**Recorded information:**

*** Block opens ***

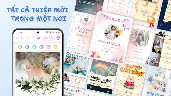 📍Làm cho bữa tiệc sinh nhật, lời mời chào em bé hoặc thiệp chúc mừng đám cưới của bạn trở nên nổi bật và thể hiện tình cảm, sự chân thành của bạn đến ngươời nhận trong từng chi tiết với ứng dụng Thiệp Chúc Mừng & Sinh Nhật. Hãy tải xuống ứng dụng và trải nghiệm ứng dụng Thiệp Chúc Mừng & Sinh Nhật, giúp bạn tự do bày tỏ và chia sẻ cảm xúc của mình với những người thân yêu trong các bữa tiệc.
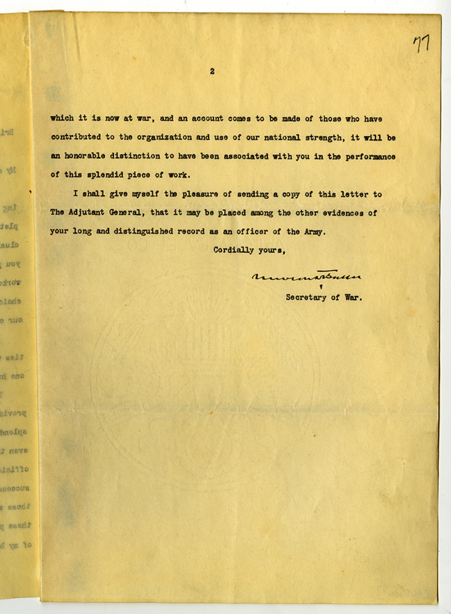 [page 2]which it is now at war, and an account comes to be made of those who have contributed to the organization and use of our national strength, it will be an honorable distinction to have been associated with you in the performance of this splendid piece of work. I shall give myself the pleasure of sending a copy of this letter to The Adjutant General, that it may be placed among the other evidences of your long and distinguished record as an officer of the Army. Cordially yours, [signed] Newton Baker Secretary of War.
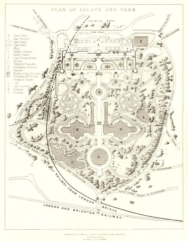 Парк, спроектированный Эдвардом Миллнером, включал двойной каскад прудов и «естественное» озеро с островами — всего 15 водоёмов. В фонтанах было задействовано до 12 000 струй высотой до 76 м, расходовавших до 7 миллионов галлонов воды на каждое представление[8]. Напор обеспечивали две водонапорные башни по проекту Брюнеля (первые башни по проекту Пакстона рухнули под тяжестью воды до открытия парка). Эксплуатация фонтанов оказалась чрезмерно дорогой, они были вскоре заброшены — в 1894 году два пруда были засыпаны, на месте третьего в 1895 году выстроен футбольный стадион. Восстановление дворца и парка обошлось в 1 300 000 фунтов — на 800 000 дороже сметы.
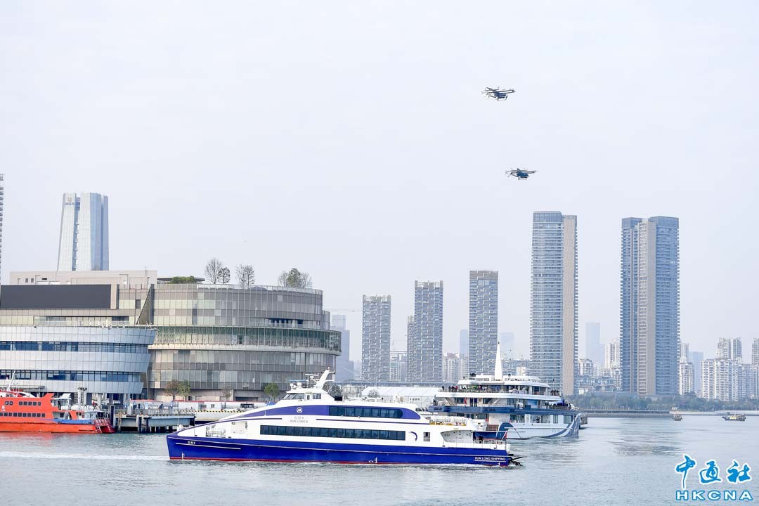 2月27日,全球首條eVT0L跨城跨灣航線(深圳-珠海)首次演示飛行在深圳蛇口郵輪中心舉行。深圳-珠海飛行超過55公裡,用時大約20分鐘。此次活動由峰飛航空科技自主研制的航空器eVTOL——“盛世龍”執飛,模擬從深圳蛇口郵輪母港前往珠海九洲港碼頭的出行場景。盛世龍—eVTOL載人航空器(又被稱為空中出租車),最大起飛重量2000公斤,最大載人數5位,巡航速度200公裡/小時,最大航程250公裡。(聞子 攝)

*** Block closes ***

**Your task:**
Drop the pictures, then transcribe the lines from the one containing "[page 2]which it" to the end of the data above, exactly and nothing more.

**Task response:**
 [page 2]which it is now at war, and an account comes to be made of those who have contributed to the organization and use of our national strength, it will be an honorable distinction to have been associated with you in the performance of this splendid piece of work. I shall give myself the pleasure of sending a copy of this letter to The Adjutant General, that it may be placed among the other evidences of your long and distinguished record as an officer of the Army. Cordially yours, [signed] Newton Baker Secretary of War.
 Парк, спроектированный Эдвардом Миллнером, включал двойной каскад прудов и «естественное» озеро с островами — всего 15 водоёмов. В фонтанах было задействовано до 12 000 струй высотой до 76 м, расходовавших до 7 миллионов галлонов воды на каждое представление[8]. Напор обеспечивали две водонапорные башни по проекту Брюнеля (первые башни по проекту Пакстона рухнули под тяжестью воды до открытия парка). Эксплуатация фонтанов оказалась чрезмерно дорогой, они были вскоре заброшены — в 1894 году два пруда были засыпаны, на месте третьего в 1895 году выстроен футбольный стадион. Восстановление дворца и парка обошлось в 1 300 000 фунтов — на 800 000 дороже сметы.
 2月27日,全球首條eVT0L跨城跨灣航線(深圳-珠海)首次演示飛行在深圳蛇口郵輪中心舉行。深圳-珠海飛行超過55公裡,用時大約20分鐘。此次活動由峰飛航空科技自主研制的航空器eVTOL——“盛世龍”執飛,模擬從深圳蛇口郵輪母港前往珠海九洲港碼頭的出行場景。盛世龍—eVTOL載人航空器(又被稱為空中出租車),最大起飛重量2000公斤,最大載人數5位,巡航速度200公裡/小時,最大航程250公裡。(聞子 攝)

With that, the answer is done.